» The task
The reply must repeat the listing below exactly and carry none of its pictures.
*** Provided entries ***
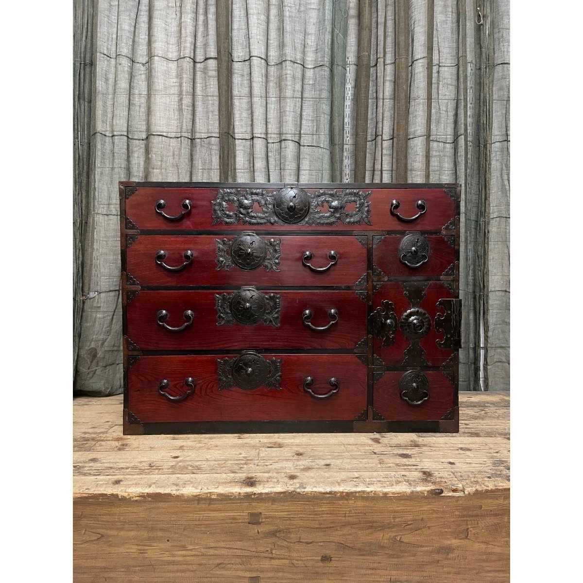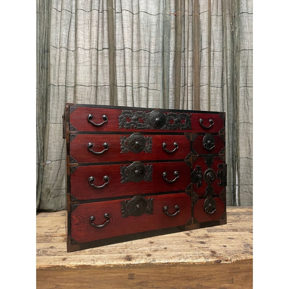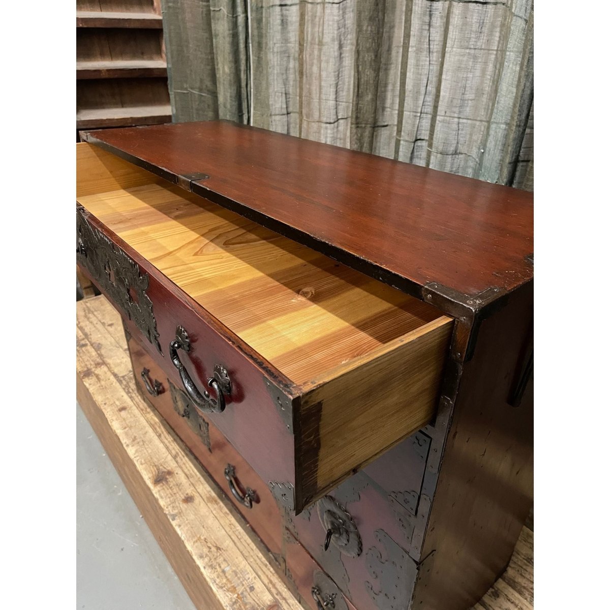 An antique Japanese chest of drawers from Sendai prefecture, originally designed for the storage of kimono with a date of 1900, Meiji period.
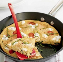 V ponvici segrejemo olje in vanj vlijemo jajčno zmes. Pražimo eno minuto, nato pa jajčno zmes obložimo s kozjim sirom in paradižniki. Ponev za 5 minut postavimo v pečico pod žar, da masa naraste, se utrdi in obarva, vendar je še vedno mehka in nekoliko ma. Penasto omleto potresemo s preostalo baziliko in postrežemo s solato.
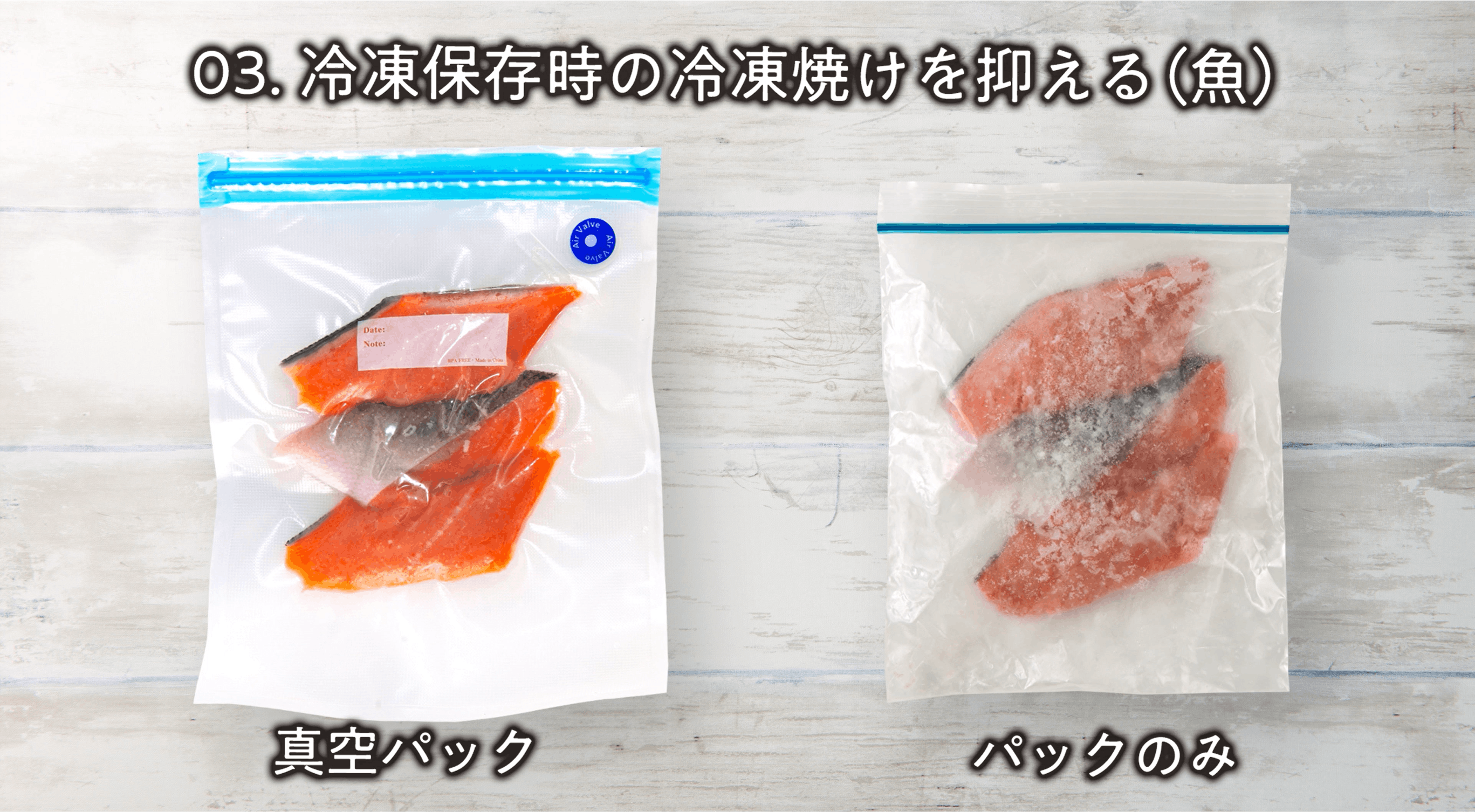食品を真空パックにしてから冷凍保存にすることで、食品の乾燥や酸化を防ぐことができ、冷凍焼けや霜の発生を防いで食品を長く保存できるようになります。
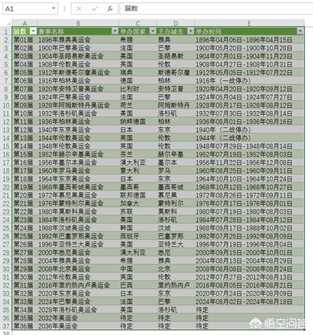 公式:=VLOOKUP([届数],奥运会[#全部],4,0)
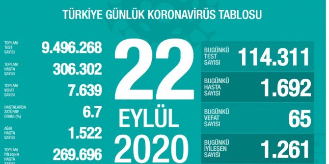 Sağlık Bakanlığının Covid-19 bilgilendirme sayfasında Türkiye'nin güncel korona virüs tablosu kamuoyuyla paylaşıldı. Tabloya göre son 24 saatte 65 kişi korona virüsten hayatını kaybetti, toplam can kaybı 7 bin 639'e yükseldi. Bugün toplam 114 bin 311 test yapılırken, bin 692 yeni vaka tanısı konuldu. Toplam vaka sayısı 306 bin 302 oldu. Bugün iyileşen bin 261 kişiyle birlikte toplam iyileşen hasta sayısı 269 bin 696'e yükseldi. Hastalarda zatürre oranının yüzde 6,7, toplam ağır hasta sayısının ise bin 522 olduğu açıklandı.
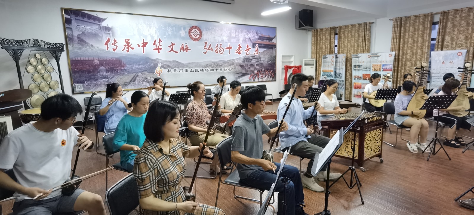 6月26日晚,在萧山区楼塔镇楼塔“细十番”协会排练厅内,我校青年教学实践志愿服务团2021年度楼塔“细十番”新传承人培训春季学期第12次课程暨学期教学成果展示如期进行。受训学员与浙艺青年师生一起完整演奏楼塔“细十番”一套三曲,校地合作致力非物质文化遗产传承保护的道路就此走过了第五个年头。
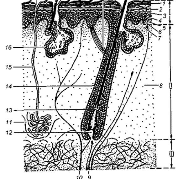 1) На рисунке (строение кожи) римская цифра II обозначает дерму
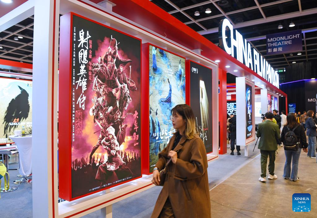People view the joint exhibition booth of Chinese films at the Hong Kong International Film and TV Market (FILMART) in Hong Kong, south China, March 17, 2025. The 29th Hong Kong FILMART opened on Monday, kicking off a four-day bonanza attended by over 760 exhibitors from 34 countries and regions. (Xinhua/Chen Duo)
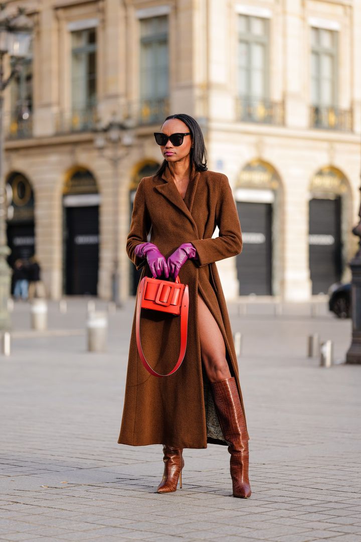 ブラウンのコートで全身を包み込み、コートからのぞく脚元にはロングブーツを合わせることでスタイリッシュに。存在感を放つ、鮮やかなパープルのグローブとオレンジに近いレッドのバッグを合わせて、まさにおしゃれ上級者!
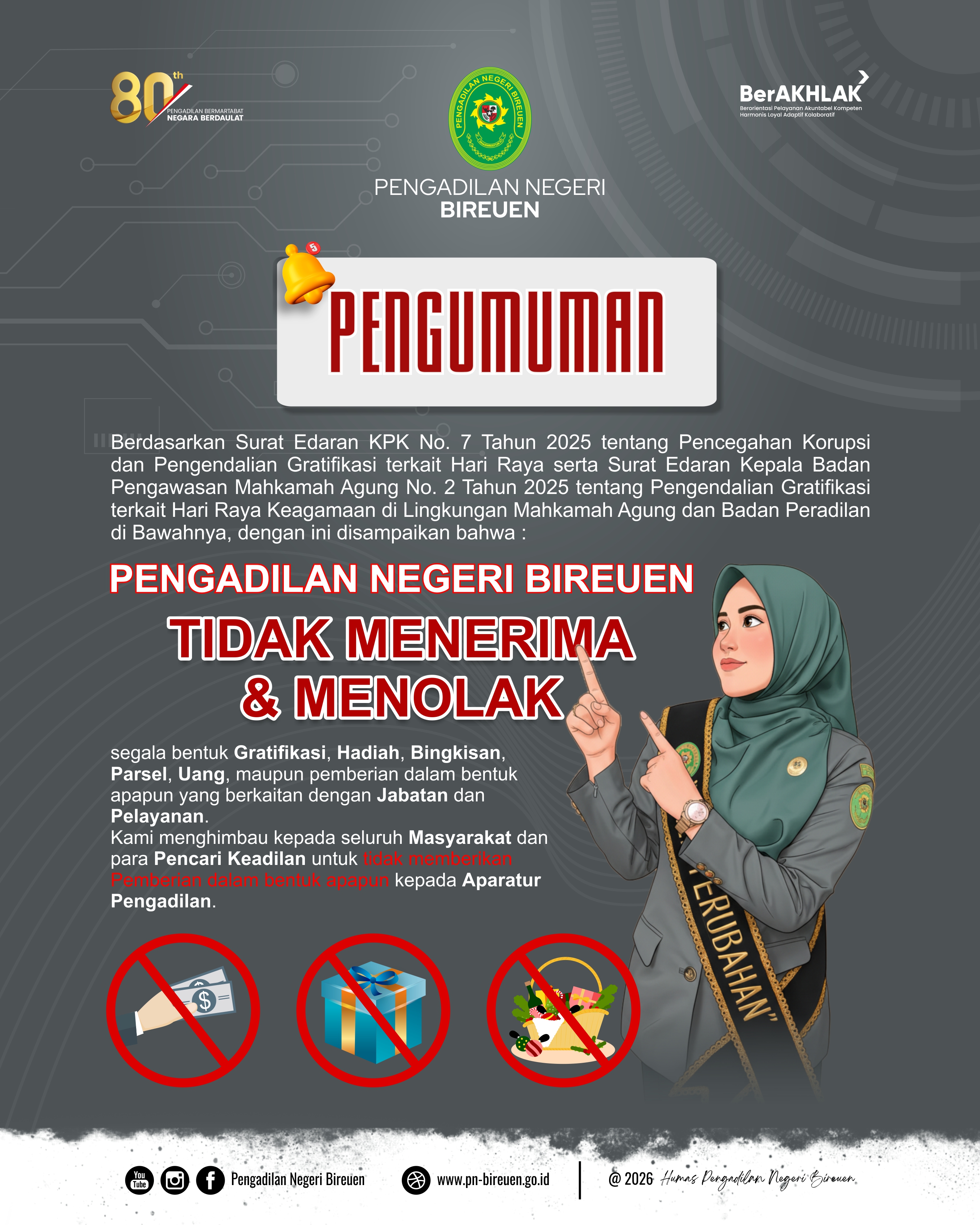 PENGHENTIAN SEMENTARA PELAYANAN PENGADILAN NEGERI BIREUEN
*** End of Provided entries ***
» Answer section
 An antique Japanese chest of drawers from Sendai prefecture, originally designed for the storage of kimono with a date of 1900, Meiji period.
 V ponvici segrejemo olje in vanj vlijemo jajčno zmes. Pražimo eno minuto, nato pa jajčno zmes obložimo s kozjim sirom in paradižniki. Ponev za 5 minut postavimo v pečico pod žar, da masa naraste, se utrdi in obarva, vendar je še vedno mehka in nekoliko ma. Penasto omleto potresemo s preostalo baziliko in postrežemo s solato.
食品を真空パックにしてから冷凍保存にすることで、食品の乾燥や酸化を防ぐことができ、冷凍焼けや霜の発生を防いで食品を長く保存できるようになります。
 公式:=VLOOKUP([届数],奥运会[#全部],4,0)
 Sağlık Bakanlığının Covid-19 bilgilendirme sayfasında Türkiye'nin güncel korona virüs tablosu kamuoyuyla paylaşıldı. Tabloya göre son 24 saatte 65 kişi korona virüsten hayatını kaybetti, toplam can kaybı 7 bin 639'e yükseldi. Bugün toplam 114 bin 311 test yapılırken, bin 692 yeni vaka tanısı konuldu. Toplam vaka sayısı 306 bin 302 oldu. Bugün iyileşen bin 261 kişiyle birlikte toplam iyileşen hasta sayısı 269 bin 696'e yükseldi. Hastalarda zatürre oranının yüzde 6,7, toplam ağır hasta sayısının ise bin 522 olduğu açıklandı.
 6月26日晚,在萧山区楼塔镇楼塔“细十番”协会排练厅内,我校青年教学实践志愿服务团2021年度楼塔“细十番”新传承人培训春季学期第12次课程暨学期教学成果展示如期进行。受训学员与浙艺青年师生一起完整演奏楼塔“细十番”一套三曲,校地合作致力非物质文化遗产传承保护的道路就此走过了第五个年头。
 1) На рисунке (строение кожи) римская цифра II обозначает дерму
People view the joint exhibition booth of Chinese films at the Hong Kong International Film and TV Market (FILMART) in Hong Kong, south China, March 17, 2025. The 29th Hong Kong FILMART opened on Monday, kicking off a four-day bonanza attended by over 760 exhibitors from 34 countries and regions. (Xinhua/Chen Duo)
 ブラウンのコートで全身を包み込み、コートからのぞく脚元にはロングブーツを合わせることでスタイリッシュに。存在感を放つ、鮮やかなパープルのグローブとオレンジに近いレッドのバッグを合わせて、まさにおしゃれ上級者!
 PENGHENTIAN SEMENTARA PELAYANAN PENGADILAN NEGERI BIREUEN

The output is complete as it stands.